Supplied material >>

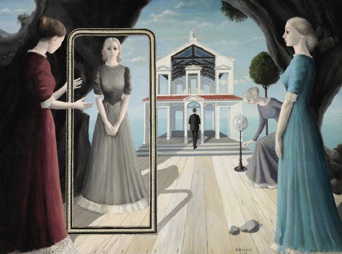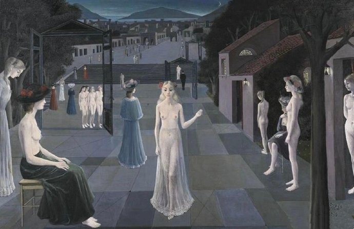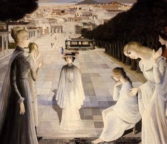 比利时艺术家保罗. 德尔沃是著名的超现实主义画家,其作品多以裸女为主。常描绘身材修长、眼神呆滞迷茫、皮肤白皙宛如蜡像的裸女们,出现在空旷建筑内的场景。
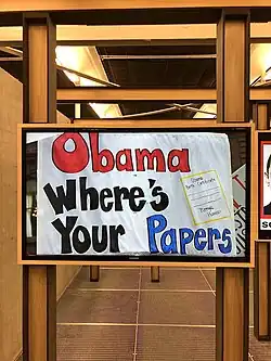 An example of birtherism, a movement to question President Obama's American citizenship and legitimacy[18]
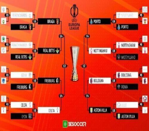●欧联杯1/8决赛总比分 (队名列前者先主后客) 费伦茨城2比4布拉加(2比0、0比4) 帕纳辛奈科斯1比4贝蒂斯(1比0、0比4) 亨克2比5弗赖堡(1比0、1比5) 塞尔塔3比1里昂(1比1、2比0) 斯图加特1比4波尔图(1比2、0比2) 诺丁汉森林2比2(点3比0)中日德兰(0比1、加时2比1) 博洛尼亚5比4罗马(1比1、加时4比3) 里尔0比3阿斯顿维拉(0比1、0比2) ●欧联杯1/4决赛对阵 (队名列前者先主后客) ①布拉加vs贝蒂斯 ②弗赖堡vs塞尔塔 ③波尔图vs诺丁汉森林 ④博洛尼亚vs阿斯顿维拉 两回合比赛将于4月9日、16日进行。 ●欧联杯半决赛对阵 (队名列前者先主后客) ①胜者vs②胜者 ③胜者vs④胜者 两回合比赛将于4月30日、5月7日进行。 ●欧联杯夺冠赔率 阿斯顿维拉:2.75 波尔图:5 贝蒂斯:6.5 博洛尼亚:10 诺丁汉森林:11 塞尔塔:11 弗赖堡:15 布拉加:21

Task prompt >> From the first line to the last, retype the data exactly, but omit every image.

Exercise response >>
 比利时艺术家保罗. 德尔沃是著名的超现实主义画家,其作品多以裸女为主。常描绘身材修长、眼神呆滞迷茫、皮肤白皙宛如蜡像的裸女们,出现在空旷建筑内的场景。
 An example of birtherism, a movement to question President Obama's American citizenship and legitimacy[18]
●欧联杯1/8决赛总比分 (队名列前者先主后客) 费伦茨城2比4布拉加(2比0、0比4) 帕纳辛奈科斯1比4贝蒂斯(1比0、0比4) 亨克2比5弗赖堡(1比0、1比5) 塞尔塔3比1里昂(1比1、2比0) 斯图加特1比4波尔图(1比2、0比2) 诺丁汉森林2比2(点3比0)中日德兰(0比1、加时2比1) 博洛尼亚5比4罗马(1比1、加时4比3) 里尔0比3阿斯顿维拉(0比1、0比2) ●欧联杯1/4决赛对阵 (队名列前者先主后客) ①布拉加vs贝蒂斯 ②弗赖堡vs塞尔塔 ③波尔图vs诺丁汉森林 ④博洛尼亚vs阿斯顿维拉 两回合比赛将于4月9日、16日进行。 ●欧联杯半决赛对阵 (队名列前者先主后客) ①胜者vs②胜者 ③胜者vs④胜者 两回合比赛将于4月30日、5月7日进行。 ●欧联杯夺冠赔率 阿斯顿维拉:2.75 波尔图:5 贝蒂斯:6.5 博洛尼亚:10 诺丁汉森林:11 塞尔塔:11 弗赖堡:15 布拉加:21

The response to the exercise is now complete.